4. Looking ahead: Scaling deep learning safely

Monthly granularity shrinks sequences ~30x and attention work by ~900x. Downstream, the copula-based aggregation step replaces hundreds of millions daily GPU forward passes with a lightweight CPU step, and quasi-Monte Carlo matches the precision of 1,000 random draws with just 128. Compounded, these choices serve hundreds of millions of daily forecasts in under an hour on a single A10 GPU.
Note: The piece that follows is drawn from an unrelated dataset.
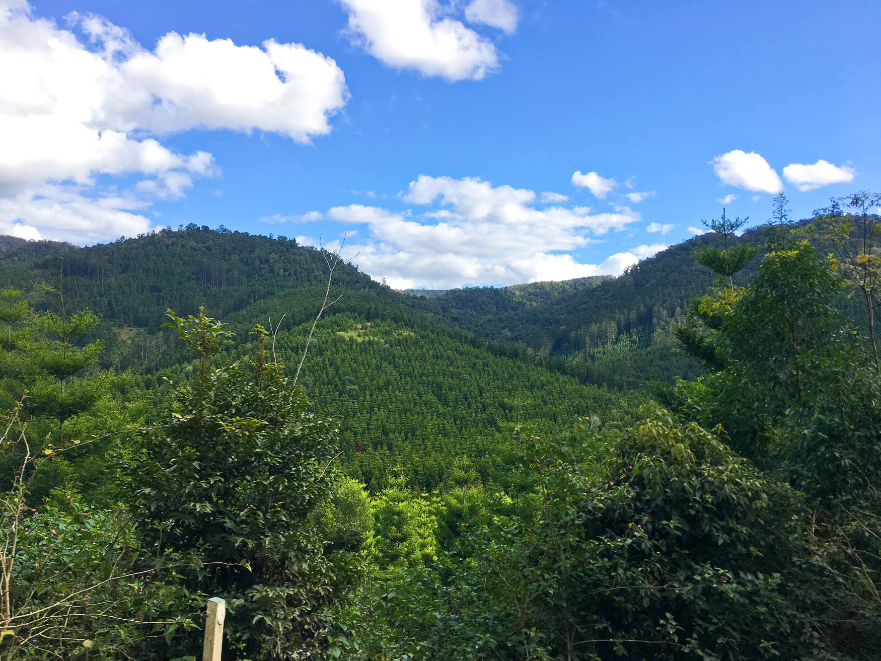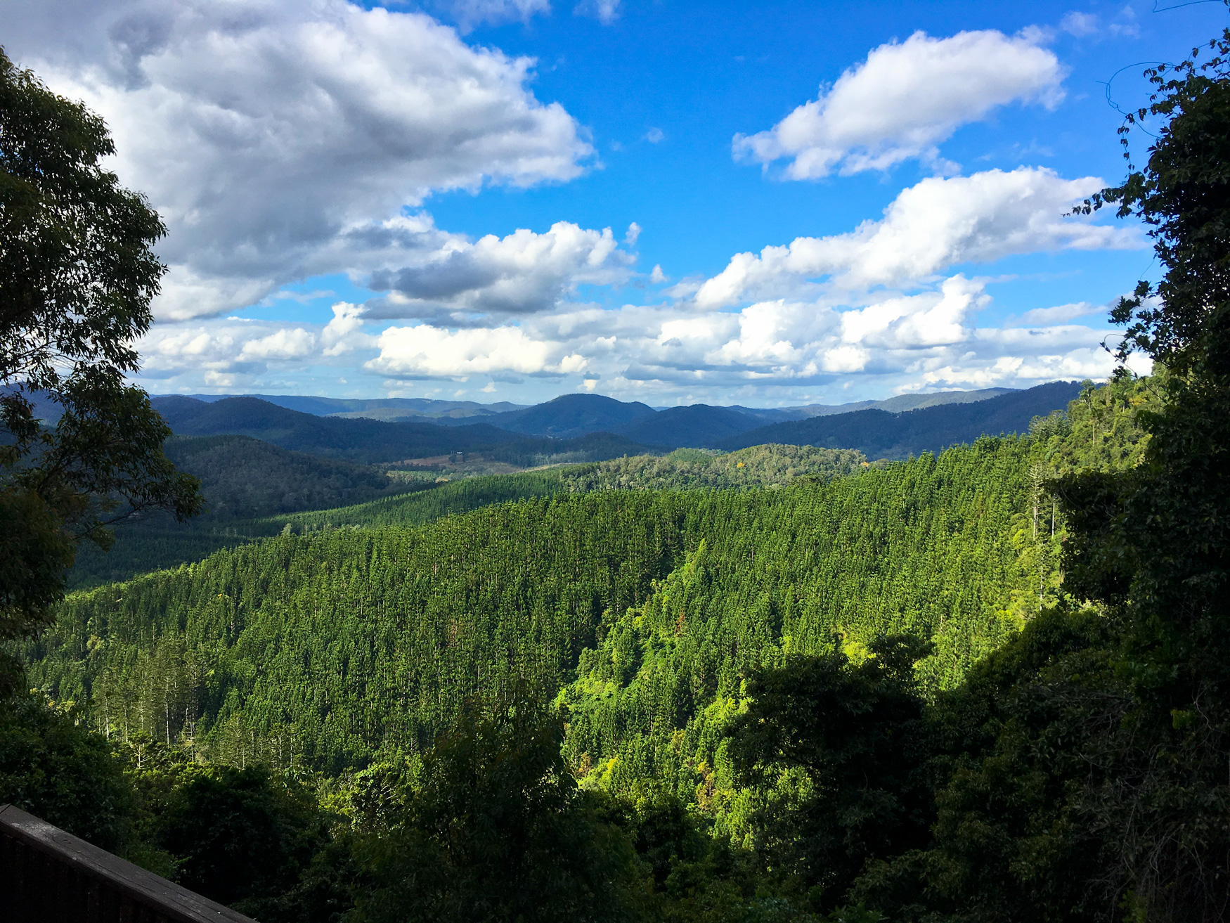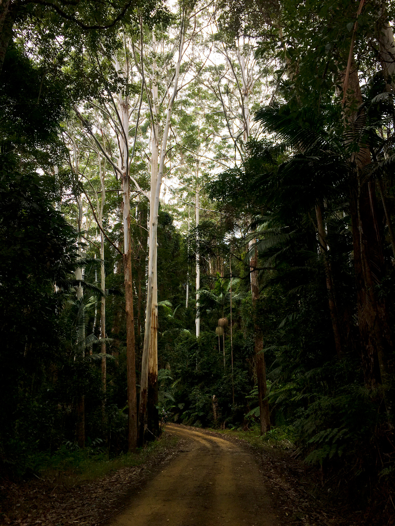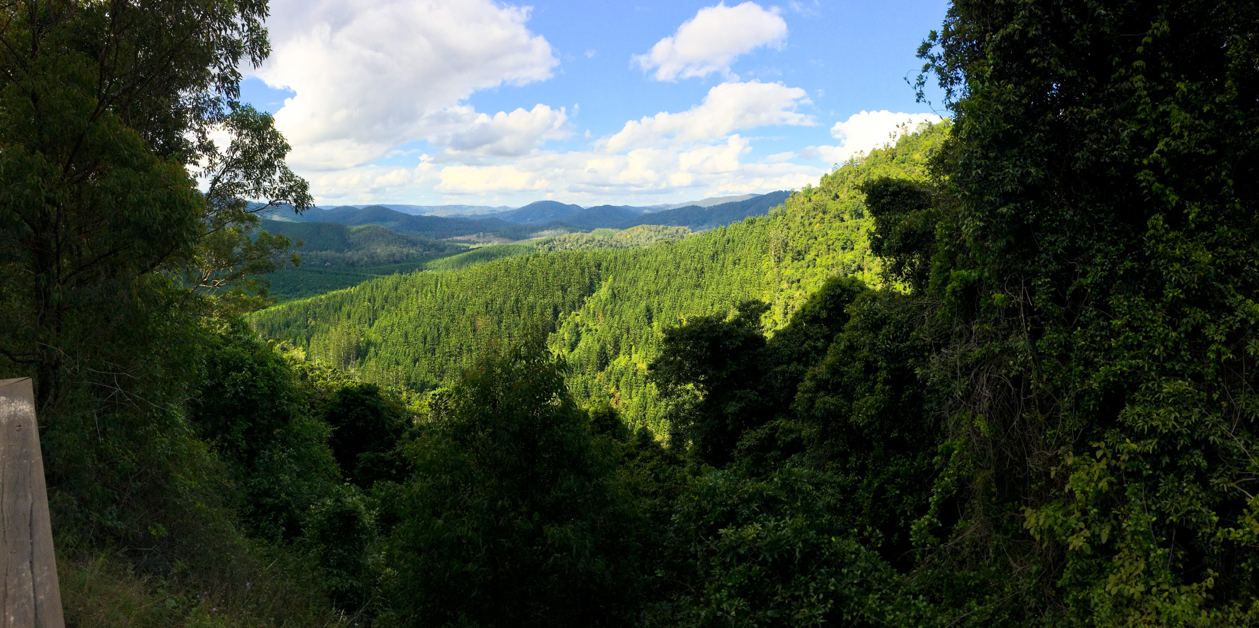 After a short walk to the top of the hill the tarmac road became gravel again with farm land on either side of the road before it was back into the thick forest of the Conondale National Park. When there wasn’t steep pinches it was quite nice riding around the rain forest with 30m tall trees – in some places trees were nearly double that height – lining both sides of the road – . But just like the road to Jimna we kept saying “Kenilworth is just around the corner”. By now Bronwyn was getting quite thirsty and had run out of water. As we crested one of the hills there were 2 SEQ Water workers having a break. I waved and hit the descent to get a photo of Bronwyn coming down. I waited. And waited…. and then she finally appeared before smashing it up the other side of the next steep pinch. We regrouped at the top and it turned out that she had got more water from the two blokes having a break. And that’s when we saw a cliff face appear on our Garmins as we approached an intersection. Was this the end of Sunday Creek Road and the descent into Kenilworth???

Putting a transformer like ParaFormer into production means solving statistical robustness and compute efficiency simultaneously. The system above is the product of a co-designed stack in which Parafin’s data science and engineering teams optimize algorithm and infrastructure concurrently across billions of daily inputs, a million-plus merchants, sub-hour population-scale inference.

The pipeline establishes a reusable blueprint: state-of-the-art deep learning can be deployed safely, efficiently, and at population scale in a regulated credit setting. As Parafin extends its underwriting capabilities across the embedded-lending partner ecosystem, this architecture is the template for reliable, real-time capital movement. If work like this excites you, we are hiring!

References

Chernozhukov, V., Fernández-Val, I., & Galichon, A. (2010). Quantile and probability curves without crossing. Econometrica, 78(3), 1093–1125.

Lim, B., Arık, S. Ö., Loeff, N., & Pfister, T. (2019). Temporal Fusion Transformers for interpretable multi-horizon time series forecasting. arXiv:1912.09363.